** What you need to do **
Of all the entries below, only the lines from the one with "ARNEZI R5304029 Набор" up to and including the one with "鉄板の上で、肉が完成する瞬間。" are to be duplicated exactly.

** Data shown **
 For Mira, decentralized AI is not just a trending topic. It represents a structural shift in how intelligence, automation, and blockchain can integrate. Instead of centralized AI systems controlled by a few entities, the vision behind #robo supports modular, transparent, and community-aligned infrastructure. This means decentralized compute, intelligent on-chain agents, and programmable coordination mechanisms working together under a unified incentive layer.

* * *

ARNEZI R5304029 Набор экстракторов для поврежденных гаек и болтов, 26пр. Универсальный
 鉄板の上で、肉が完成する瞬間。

** Output for this task **
ARNEZI R5304029 Набор экстракторов для поврежденных гаек и болтов, 26пр. Универсальный
 鉄板の上で、肉が完成する瞬間。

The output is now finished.